- Opening Delimiter -

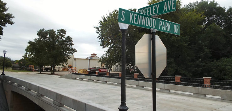 The new bridge includes an 8 feet wide sidewalk, brick pilasters with decorative fence and lighting similar to the bridge into Lakewood Park. Other highlights of the bridge are the aesthetic colored concrete wing walls and the haunched slab design over the old Smoky Hill River Channel.
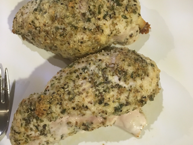 1?2 cup grated parmesan cheese 2 tablespoons dried oregano 1 tablespoon minced fresh parsley or 1 teaspoon dried parsley 1?2 teaspoon garlic powder 1?4 teaspoon pepper 3 tablespoons melted margarine 4 boneless skinless chicken breast halves
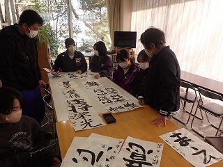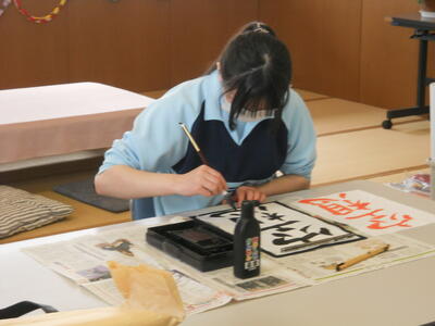 書きたい言葉を各自考え、その中の一文字を半紙に大きく書きました。運筆について丁寧に教えていただき、一枚書くごとに上達していきました。

- Closing Delimiter -

A verbatim copy of the material, pictures excluded, is what must be produced.

WORKED SOLUTION ::
 The new bridge includes an 8 feet wide sidewalk, brick pilasters with decorative fence and lighting similar to the bridge into Lakewood Park. Other highlights of the bridge are the aesthetic colored concrete wing walls and the haunched slab design over the old Smoky Hill River Channel.
 1?2 cup grated parmesan cheese 2 tablespoons dried oregano 1 tablespoon minced fresh parsley or 1 teaspoon dried parsley 1?2 teaspoon garlic powder 1?4 teaspoon pepper 3 tablespoons melted margarine 4 boneless skinless chicken breast halves
 書きたい言葉を各自考え、その中の一文字を半紙に大きく書きました。運筆について丁寧に教えていただき、一枚書くごとに上達していきました。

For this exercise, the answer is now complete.